Ainsi, à cette époque, les identifications ne peuvent se reposer que sur les informations recueillies par les gendarmes, et les éventuels témoins.
Dès lors, l’autopsie révèle que la petite victime mesure 95 centimètres, pèse 20 kilogrammes et a les cheveux courts et bouclés, de type maghrébin, originaire d’Afrique du Nord.
« La petite est morte non pas à cause d’un acte mais d’un état d’épuisement total. Ses souffrances sont multiples : morsures, prélèvements de chair cicatrisés, hémorragies, fractures anciennes et traces de fer à repasser. C’est une martyre”, raconte le juge d’instruction de l’époque.
L’enquête préliminaire dure un an, et est gérée en direct par Pierre Bouyssic, substitut du procureur. En 1988, avant de quitter ses fonctions, ce dernier ouvre une information judiciaire. C’est le juge Georges Domergue qui prend le relais.
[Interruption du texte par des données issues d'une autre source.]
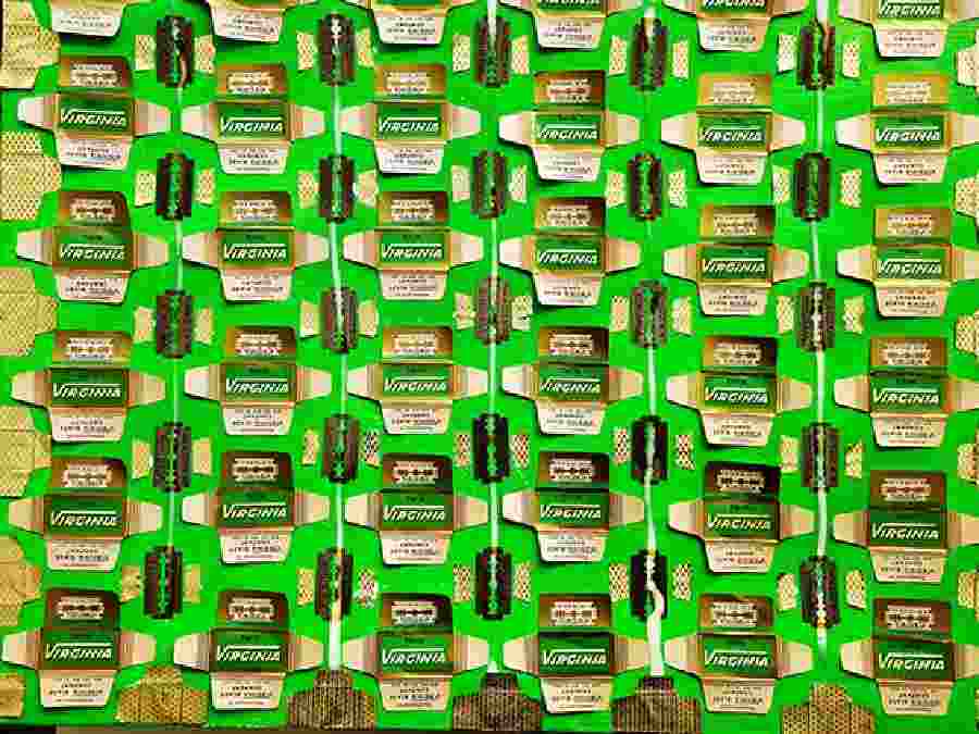 La lametta, il semplice oggetto di uso comune che lega la gestualità quotidiana di uomini e donne, è utilizzata da Marco Angelini come strumento base del suo linguaggio, della sua ricerca artistica. Il piccolo oggetto viene assemblato in forme aperte, chiuse e semiaperte secondo serialità che riportano alla memoria dell’osservatore i circuiti stampati di schede elettroniche: il massimo della razionalità umana nel sintetizzare operazioni complesse.

Avec les enquêteurs de la section de recherche de la gendarmerie de Blois, il lance un certain nombreuses d’opérations d’investigation :
- 65.000 écoles maternelles de tout le pays sont visitées par les gendarmes à la demande de l’unité d’enquête en charge de l’affaire.
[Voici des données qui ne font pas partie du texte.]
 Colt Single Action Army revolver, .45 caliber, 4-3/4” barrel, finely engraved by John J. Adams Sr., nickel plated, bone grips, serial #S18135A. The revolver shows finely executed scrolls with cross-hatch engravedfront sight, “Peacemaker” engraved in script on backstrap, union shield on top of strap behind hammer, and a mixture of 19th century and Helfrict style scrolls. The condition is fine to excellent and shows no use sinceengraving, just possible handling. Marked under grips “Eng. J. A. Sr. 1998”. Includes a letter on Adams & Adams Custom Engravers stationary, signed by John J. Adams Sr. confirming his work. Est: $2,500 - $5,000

- 6.000 médecins, assistantes sociales et juges pour enfants sont contactés.
- Un appel à témoins avec la photographie du visage de la fillette, et des marques de sévices, est diffusé dans les journaux d’Algérie, du Maroc et de Tunisie, ainsi que dans la communauté des gens du voyage.
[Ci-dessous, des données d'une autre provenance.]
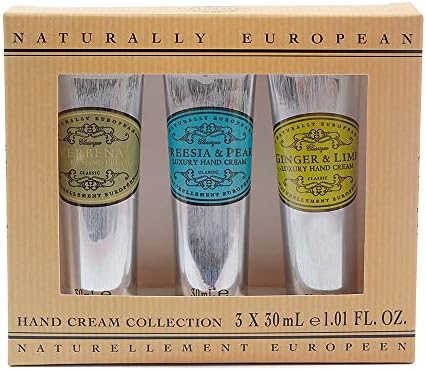 3'lü mini set Çeşitli kokular 3 x 30 ml hacim Naturally European Mini El Kremi Ginger & Lime – Verbena – Freesia & Pear Set 3 x 30 ml Naturally European Mini El Kremi Ginger & Lime – Verbena – Freesia & Pear Set 3 x 30 ml
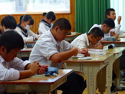 綾町の秋の伝統イベントである「綾工芸まつり」が、22日(金)から3日間の日程で始まりました。生徒たちは、学年ごとに分かれて伝統工芸品の数々を鑑賞しました。特に、木工製品のパズルなどは人気が高かったようです。初日は平日にも関わらず、訪れる人がたくさんいました。鑑賞後は、教室に帰って感想を書きました。土曜日、日曜日と開催されているので、興味のある人は、またゆっくりと鑑賞してください。
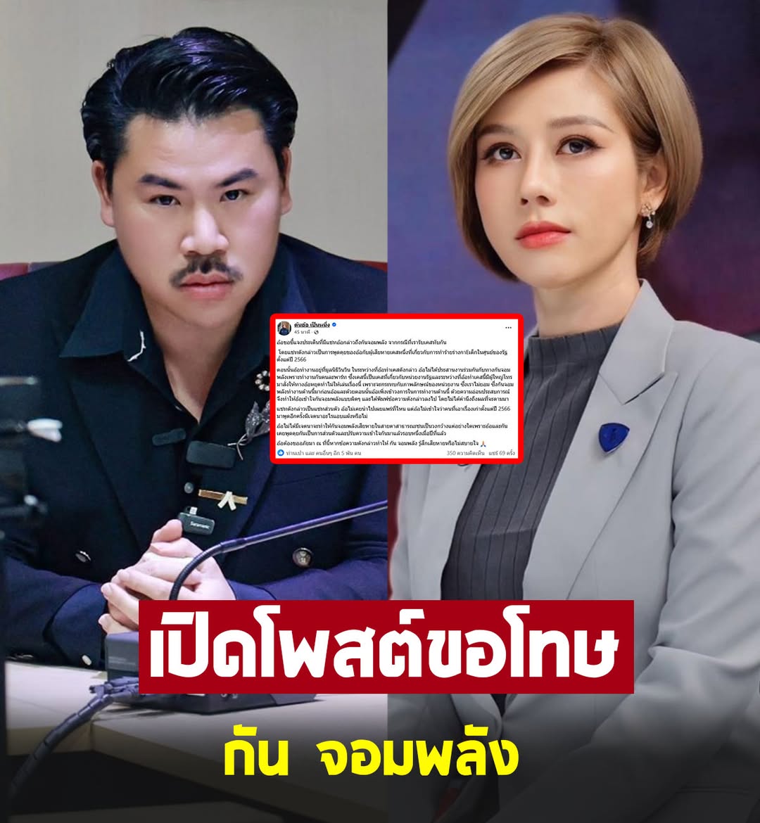 กระทั่งต่อมา ทางด้าน ต้นอ้อ ยังได้โพสต์ข้อความร่ายยาวขอโทษ กัน จอมพลัง ด้วยว่า “อ้อขอชี้แจงประเด็นที่มีแชทอ้อกล่าวถึงกันจอมพลัง
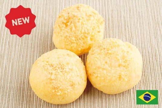 ブラジル生まれのチーズパン「ポンデケージョ」。もちもち生地にモッツアレラチーズを混ぜ込み、粉チーズをまぶして焼き上げました。チーズづくしでチーズ好きにはたまりません!
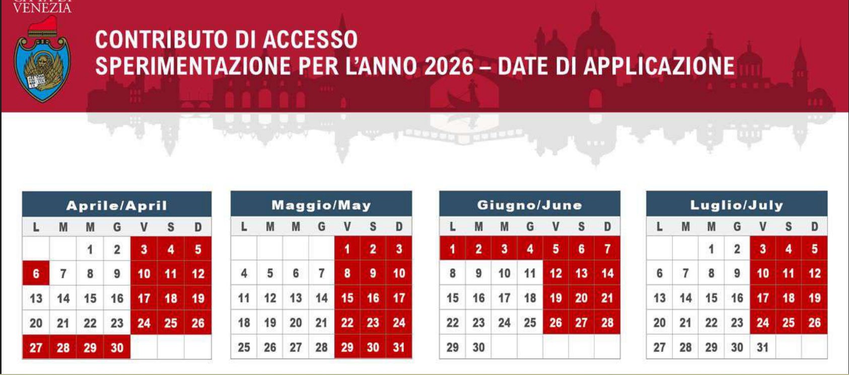 本年度は60日間が課税対象となり、4月3日から7月26日までの主に週末および連休期間に、歴史地区を訪問する日帰り観光客に対して支払いが義務付けられます。対象日には、午前8時30分から午後4時までの時間帯(※午後4時から午前8時30分までは入島税は徴収されません。)に歴史地区に滞在する15歳以上の訪問者が、事前登録および決済を行う必要があります。

- Un numéro de téléphone est mis en ligne et est dédié à l’affaire
- Un croquis du visage de l’enfant est diffusé dans toute la France, en plus de 100.000 exemplaires

Un seul témoin crédible est répertorié, Michel Hamel, inspecteur commercial. Le 11 août 1987, il circule sur l’A10 et remarque en sens inverse, près d’un véhicule blanc arrêté sur la bande d’arrêt d’urgence, un homme vêtu d’un “pantalon foncé”, d’une “chemise claire”, grand et brun. Il aurait fait le tour du véhicule avec “quelque chose” dans ses bras qui semblait lourd.
“Mon regard était attiré par une voiture avec un homme qui, au premier abord me semblait faire ses besoins. J’ai trouvé cela assez surprenant sur la bande d’arrêt d’urgence. En arrivant plus près, j’ai constaté que ce n’était pas le cas, que cette personne semblait porter quelque chose”.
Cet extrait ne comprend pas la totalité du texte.